## WHAT YOU ARE ASKED TO DO
Look through the listing below and write out exactly the lines from the line with "Luego doblar los" to the line with "Консервата Alpha Spirit", both included, and no others.

## DATA EXCERPTS
- - - -
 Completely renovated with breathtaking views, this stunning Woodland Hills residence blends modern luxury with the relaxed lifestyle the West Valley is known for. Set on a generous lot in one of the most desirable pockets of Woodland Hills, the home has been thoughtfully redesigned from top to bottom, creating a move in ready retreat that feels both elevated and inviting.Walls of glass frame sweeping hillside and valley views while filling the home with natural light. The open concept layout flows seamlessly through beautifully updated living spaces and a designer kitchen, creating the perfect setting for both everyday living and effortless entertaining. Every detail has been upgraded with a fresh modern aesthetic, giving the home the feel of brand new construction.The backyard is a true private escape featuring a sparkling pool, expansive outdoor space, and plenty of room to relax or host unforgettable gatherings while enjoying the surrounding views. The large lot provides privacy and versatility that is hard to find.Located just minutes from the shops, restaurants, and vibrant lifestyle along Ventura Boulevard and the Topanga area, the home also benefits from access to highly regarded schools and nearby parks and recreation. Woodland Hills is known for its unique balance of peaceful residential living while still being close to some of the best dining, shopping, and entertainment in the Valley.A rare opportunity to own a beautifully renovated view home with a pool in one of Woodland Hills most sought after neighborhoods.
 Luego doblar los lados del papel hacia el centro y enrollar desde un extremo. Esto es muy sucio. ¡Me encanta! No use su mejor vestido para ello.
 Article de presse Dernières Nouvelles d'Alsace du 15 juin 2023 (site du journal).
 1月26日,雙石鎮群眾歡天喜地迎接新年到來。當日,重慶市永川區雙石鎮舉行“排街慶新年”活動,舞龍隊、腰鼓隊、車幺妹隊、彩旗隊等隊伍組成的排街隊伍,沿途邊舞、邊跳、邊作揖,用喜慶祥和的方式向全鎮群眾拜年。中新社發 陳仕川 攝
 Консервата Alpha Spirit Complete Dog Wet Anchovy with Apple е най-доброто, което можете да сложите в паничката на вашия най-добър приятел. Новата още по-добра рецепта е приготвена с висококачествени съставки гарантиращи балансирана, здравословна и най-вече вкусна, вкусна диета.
- - - -
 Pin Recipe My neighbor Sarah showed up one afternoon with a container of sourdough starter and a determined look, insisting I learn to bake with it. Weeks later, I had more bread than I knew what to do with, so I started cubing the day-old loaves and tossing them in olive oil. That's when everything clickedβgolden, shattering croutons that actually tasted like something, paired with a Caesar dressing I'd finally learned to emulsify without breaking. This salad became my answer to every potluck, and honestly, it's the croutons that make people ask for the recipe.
- - - -
## SOLUTION FOR THIS EXERCISE
 Luego doblar los lados del papel hacia el centro y enrollar desde un extremo. Esto es muy sucio. ¡Me encanta! No use su mejor vestido para ello.
 Article de presse Dernières Nouvelles d'Alsace du 15 juin 2023 (site du journal).
 1月26日,雙石鎮群眾歡天喜地迎接新年到來。當日,重慶市永川區雙石鎮舉行“排街慶新年”活動,舞龍隊、腰鼓隊、車幺妹隊、彩旗隊等隊伍組成的排街隊伍,沿途邊舞、邊跳、邊作揖,用喜慶祥和的方式向全鎮群眾拜年。中新社發 陳仕川 攝
 Консервата Alpha Spirit Complete Dog Wet Anchovy with Apple е най-доброто, което можете да сложите в паничката на вашия най-добър приятел. Новата още по-добра рецепта е приготвена с висококачествени съставки гарантиращи балансирана, здравословна и най-вече вкусна, вкусна диета.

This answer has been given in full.